Dans une interview exclusive accordée à notre rédaction, Dr. Édouard Zotomou Kpogomou, vice-président de l’Alliance Nationale pour l’Alternance Démocratique (ANAD) et président de l’Union Démocratique pour le Renouveau et le Progrès (UDRP), n’a pas mâché ses mots sur la récente initiative du gouvernement visant à effectuer une immersion à l’intérieur du pays.

Dès l’entame, Dr. Zotomou met en cause le timing de cette initiative, jugée inappropriée après  » trois ans et quatre mois de transition « . Pour lui, cette immersion aurait dû être entreprise dès le début afin de dresser un état des lieux des besoins réels des populations. « C’est comme si on a perdu du temps. Ce n’est pas maintenant qu’on devrait faire une immersion », critique-t-il.

Il rappelle que des missions similaires ont déjà eu lieu, notamment celles du Conseil National de la Transition (CNT), chargé de recenser les préoccupations des citoyens pour les intégrer à l’avant-projet de Constitution. « Si cela n’a rien donné, pourquoi croire qu’une nouvelle immersion apportera des résultats ? », s’interroge-t-il, pointant du doigt un manque de planification dans la gouvernance actuelle.

Au-delà de son caractère tardif, cette immersion est perçue par le leader politique comme un gouffre financier sans réel impact. « Ce sont des sources de dépenses inutiles qui n’apporteront absolument rien », martèle-t-il. Il déplore un gaspillage de ressources qui aurait pu être évité avec une approche mieux structurée en amont.

Pour Dr. Zotomou, cette démarche cache des motivations inavouées : « Si maintenant il faut attendre la fin pour le faire, c’est qu’il y a d’autres velléités derrière cela. » Il exprime sa frustration face à une gouvernance qui, selon lui, agit « à l’aveuglette » avant de tenter de corriger le tir en toute fin de parcours.

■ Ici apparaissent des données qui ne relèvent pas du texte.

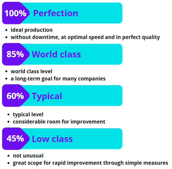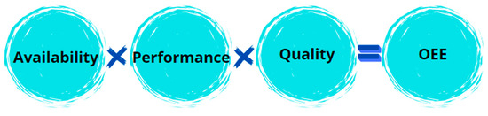 Addressing customer needs and meeting expectations while establishing objectives is paramount. In achieving this, maintaining a continuous production schedule assumes considerable importance and is central to this efficient material handling, encompassing the strategic planning of procurement, receiving, sorting, and delivery of materials for consumption in production, all underpinned by effective control measures [8,9]. It is evident that industrial goods, serving as inputs for other physical products, constitute materials subject to management, known as material handling [9,10]. Material handling encompasses all activities, tasks, and processes involved in the transfer of external materials and services into the organization [9,11]. Optimal material handling serves as a tool to enhance organizational efficiency by importing skills in reducing defective products, shortening operating cycles, lowering handling costs, eliminating unproductive material handling, reducing idle machine capacity, and mitigating factory hazards [9,12]. Logistics facilities are interpreted as transshipment terminals, distribution or production sites, but all of them have one shared goal, and that is global optimization [13]. Boosting productivity remains the primary challenge for companies striving to compete in the global market. Productivity in industrial enterprises relies on efficiency, which encompasses the resources needed to achieve desired outcomes including time, financial investments, and energy expended during the production process. Efficiency, in essence, reflects the ability to meet social needs and incorporates the economic contributions of staff members. It manifests across various production stages and can be measured through multiple metrics. It is essential to distinguish between efficiency, effectiveness, and productivity, as productivity evaluation integrates efficiency. Productivity, gauged by the ratio of actual output to input, directly influences both efficiency and effectiveness. For instance, equipment efficiency indicates the cost-effective operation, measured by the ratio of outputs to inputs. Every company strives to minimize costs, maximize performance, and optimize assets. For manufacturing firms, solutions enhancing production efficiency have become paramount. Overall equipment efficiency (OEE) serves as a pivotal performance indicator, enabling the measurement and comparison of individual production equipment efficiency within a company. It aids in monitoring and enhancing the production process, identifying and addressing losses, monitoring order progress, and conserving energy and human resources. OEE calculation provides a clear quantitative tool for assessing productivity, which is illustrated in Figure 2. By pinpointing areas for improvement and promoting transparency, it contributes to optimizing equipment efficiency, thereby enhancing overall operational performance [14].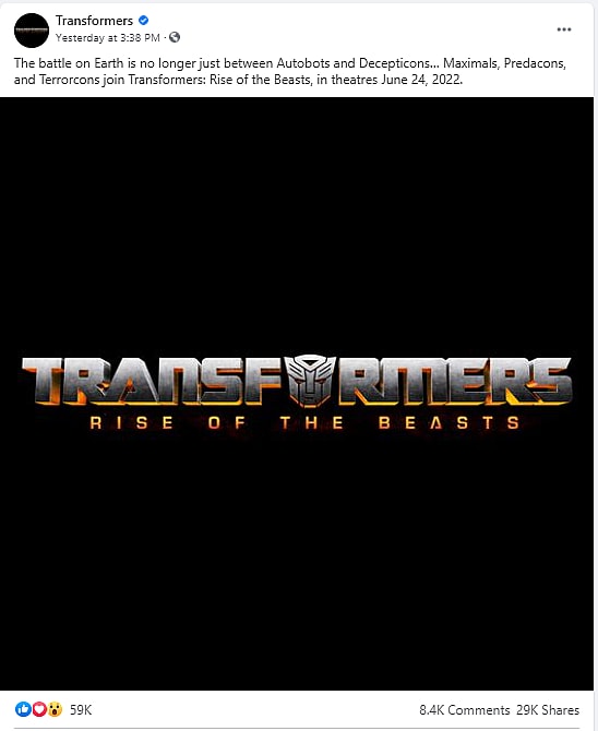 The film was announced on the official Transformers Facebook page who noted, “The battle on Earth is no longer just between Autobots and Decepticons… Maximals, Predacons, and Terrorcons join Transformers: Rise of the Beasts, in theaters June 24, 2022.

Dr. Édouard Zotomou Kpogomou considère cette immersion comme une initiative plus symbolique qu’efficace, synonyme de tâtonnement et d’absence de vision stratégique. « Ils le savent, et c’est ce qui fait mal », conclut-il, dénonçant un manque de rigueur et de cohérence dans la gestion de la transition.

Son analyse pose une question fondamentale : cette immersion gouvernementale est-elle un véritable outil de consultation ou simplement une opération de communication à fort coût budgétaire ? Une interrogation qui reste ouverte alors que la transition s’approche de son terme.